-- THE DATA follows --

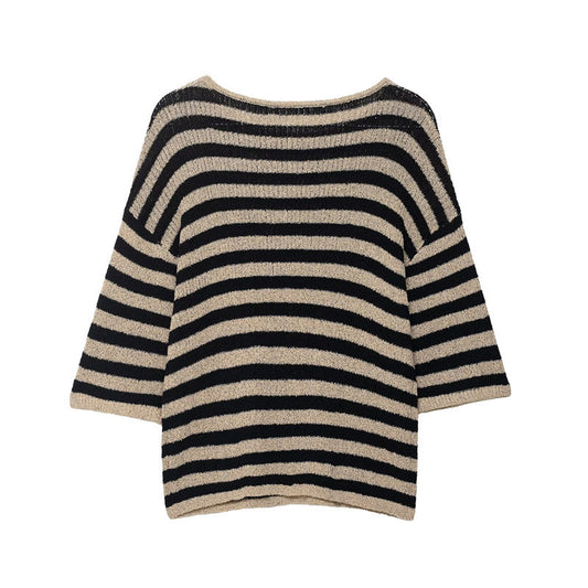 Damen lässiger Strickpullover mit breiten Querstreifen Stalluxe
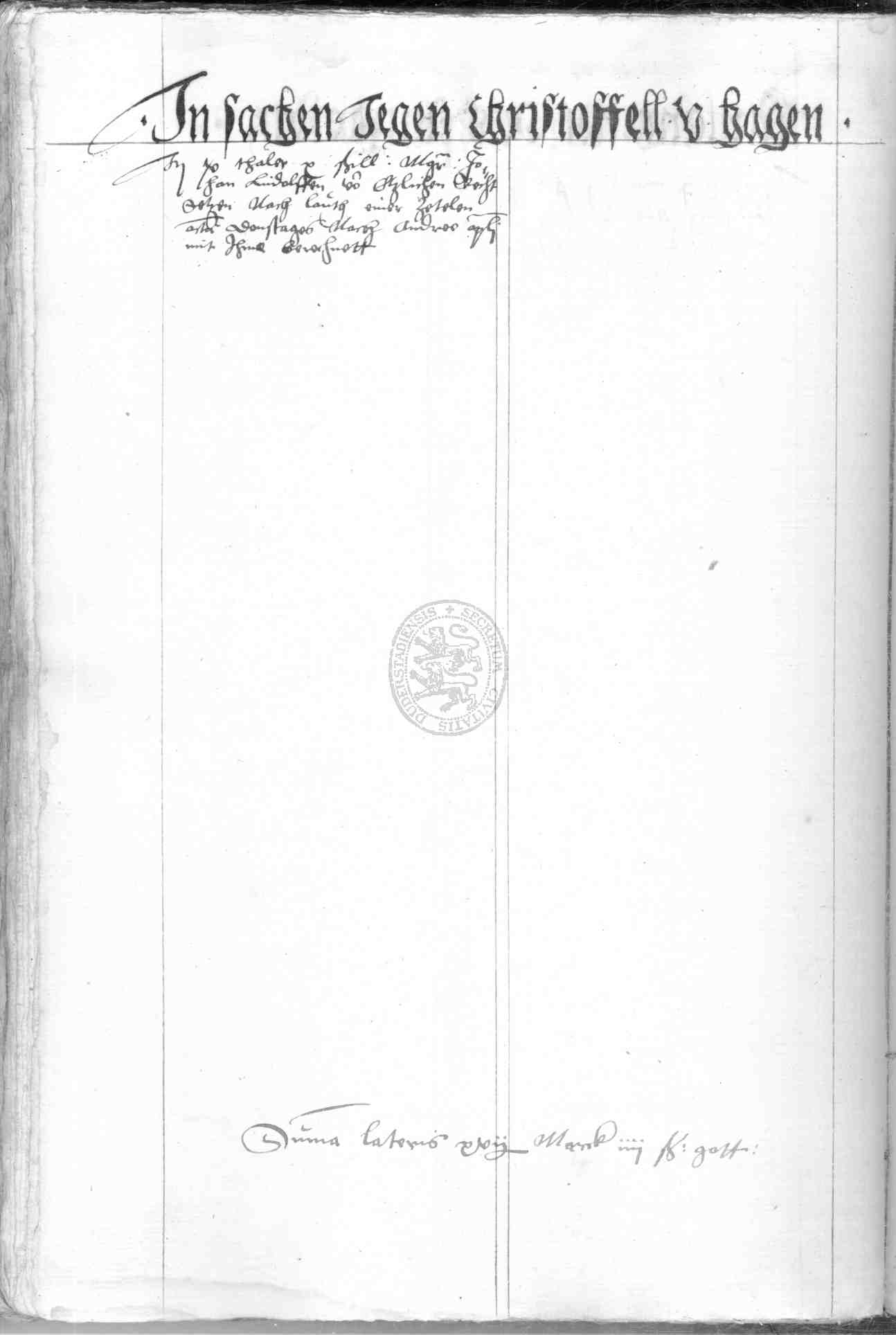 | Rubrum: | in sachen jegen Christoffel vom Hagen |
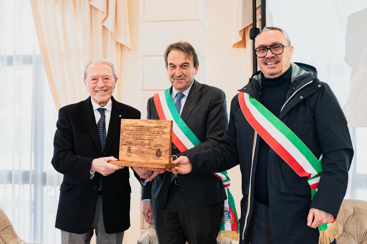 Nell’occasione i Sindaci di Otranto, Francesco Bruni, e di Muro Leccese, Antonio Donno, hanno consegnato all’ex Ministro Walter Luchetti una targa a ricordo del vertice dei Ministri dell’Agricoltura, tenuto nel 1996 nel Castello di Otranto e nel Convento dei Domenicani di Muro Leccese.
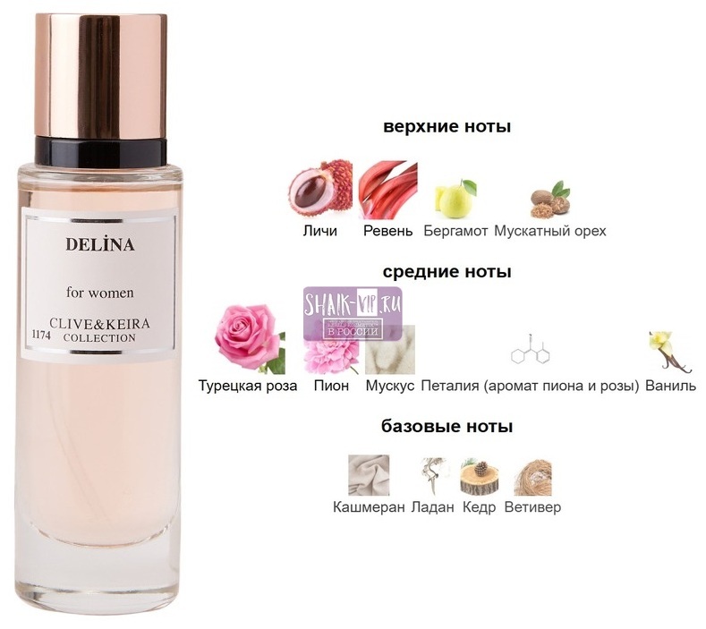 Delina Parfums de Marly — это аромат для женщин, он принадлежит к группе цветочные. Delina выпущен в 2017 году. Парфюмер: Quentin Bisch. Верхние ноты: Личи, Ревень, Бергамот и Мускатный орех; средние ноты: Турецкая роза, Пион, Мускус, Петалия (аромат пиона и розы) и Ваниль; базовые ноты: Кашмеран, Ладан, Кедр и Ветивер.
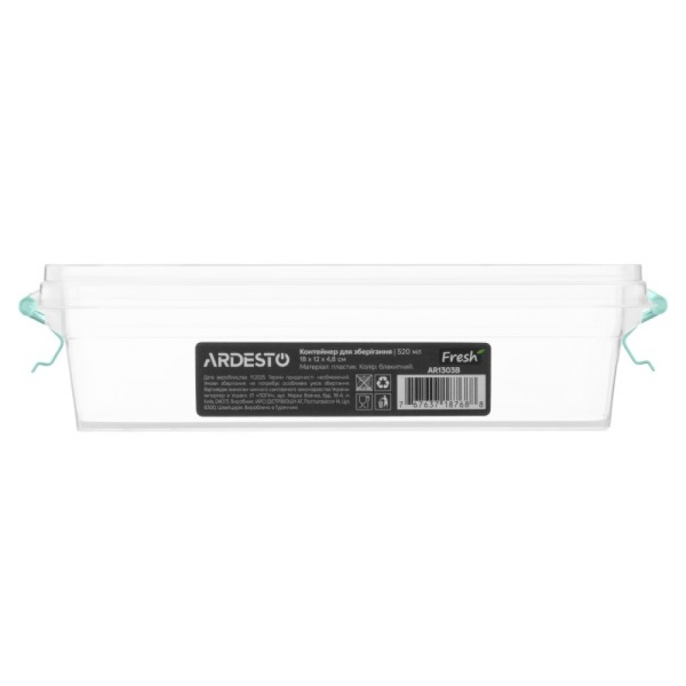 Харчовий контейнер Ardesto Fresh 0.52л, пластик, прямокутна, блакитний (AR1303B)
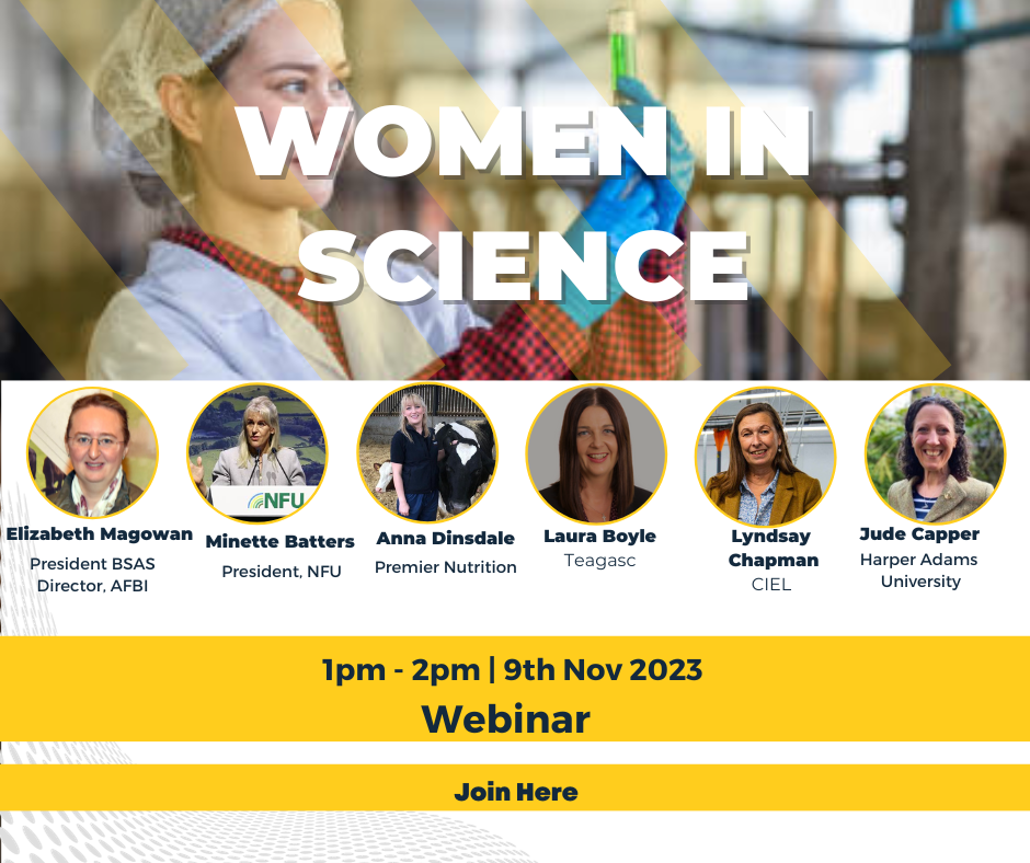 We are pleased to invite members to a special webinar on Thursday 9 November to hear from female leaders working in academia, industry and the British Society of Animal Science.
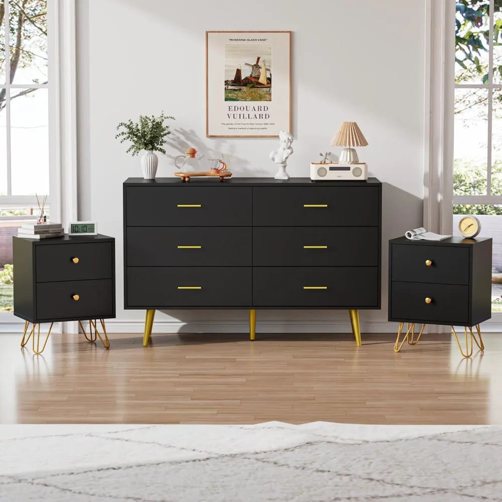 Black 6-Drawer Dresser and Two-Piece Nightstand Set for Modern Bedroom in Black and Gold
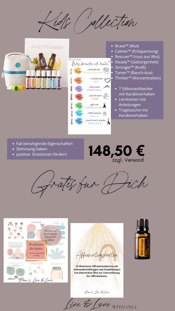 Die Kids Collection ist speziell auf die Bedürfnisse von Kindern abgestimmt. Mit sanften, sicheren und effektiven ätherischen Ölen bietet dieses Kit Unterstützung für die körperliche und emotionale Gesundheit von Kindern. Es enthält kinderfreundliche Öle, die einfach anzuwenden sind und für die ganze Familie geeignet sind.
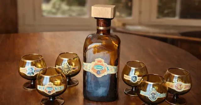 Detalles del productoConjunto de botella de licor y seis copas de coñac con un diseño vintage.
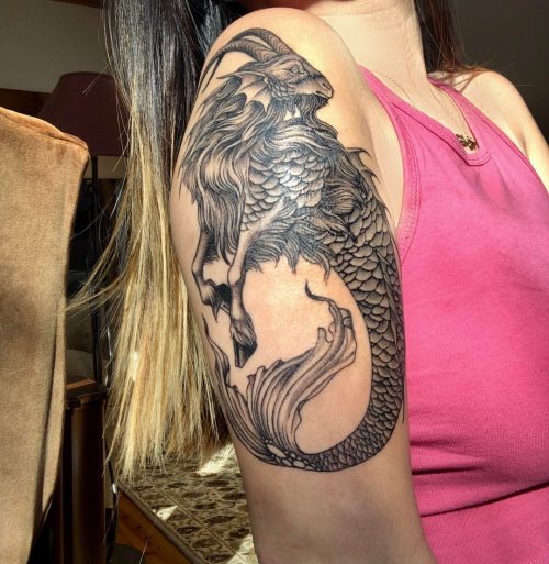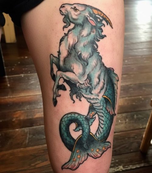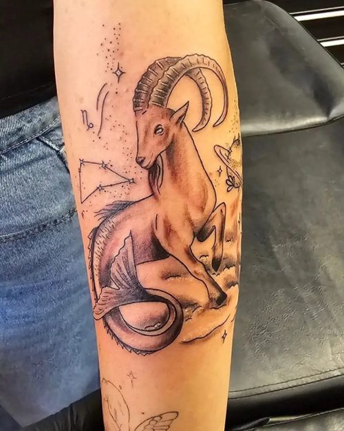 In this Capricorn tattoo idea, you can see a large design that is for those who are not afraid to embrace their ambitious and hardworking selves.
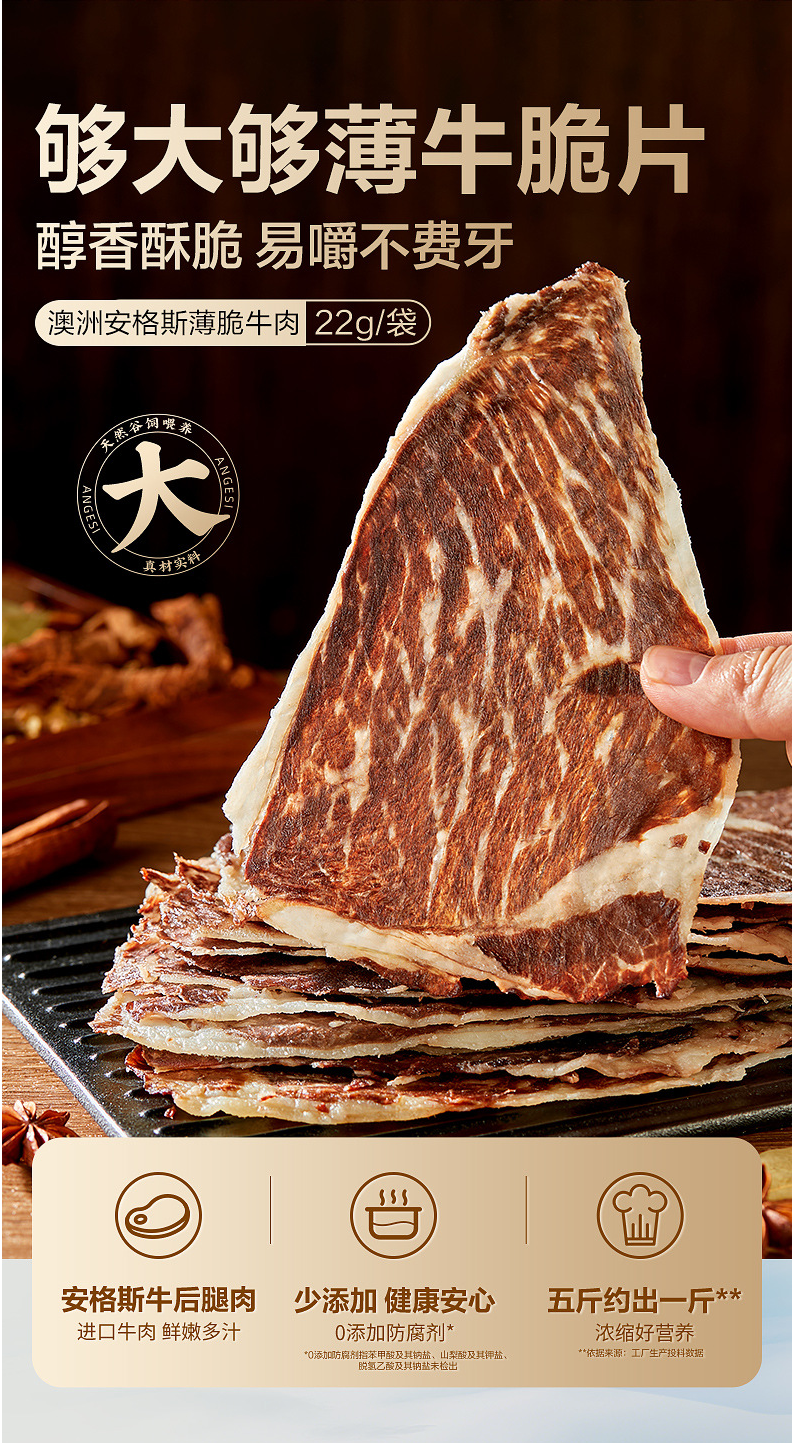 良品铺子澳洲安格斯牛排脆牛肉脆片牛脆脆肉类即食健康追剧解馋
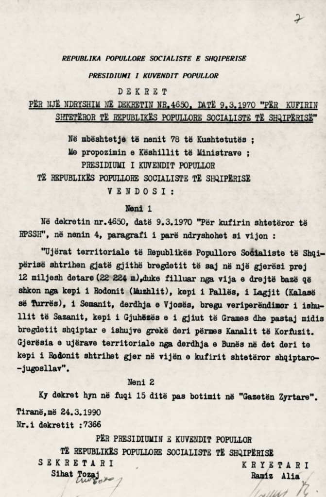 Me këtë dekret te autoriteteve greke, te pranuar ne një akt tradhtie te larte kometare nga Edvin Kristaq Zografi sipas Marrëveshjes se fshehte Rama-Dendia, kufijtë e Shqipërisë ndryshojnë për here te pare qe nga viti 1913 me pasoje humbjen, zvogëlimin nga ana saj te mijëra kilometrave katror te sipërfaqes se ujerave territoriale, shelfit kontinental dhe zonës ekonomike ne Detin Jon dhe humbjen e trilionave euro te depozitave te gazit dhe naftës qe tani kalojnë ne territorin helen.

-- THE DATA concluded --

■ TASK INSTRUCTIONS ■
Begin at the first line of the records. Print every line through the one containing "Nell’occasione i Sindaci" exactly, but skip the pictures.

■ EXPECTED OUTPUT ■
 Damen lässiger Strickpullover mit breiten Querstreifen Stalluxe
 | Rubrum: | in sachen jegen Christoffel vom Hagen |
 Nell’occasione i Sindaci di Otranto, Francesco Bruni, e di Muro Leccese, Antonio Donno, hanno consegnato all’ex Ministro Walter Luchetti una targa a ricordo del vertice dei Ministri dell’Agricoltura, tenuto nel 1996 nel Castello di Otranto e nel Convento dei Domenicani di Muro Leccese.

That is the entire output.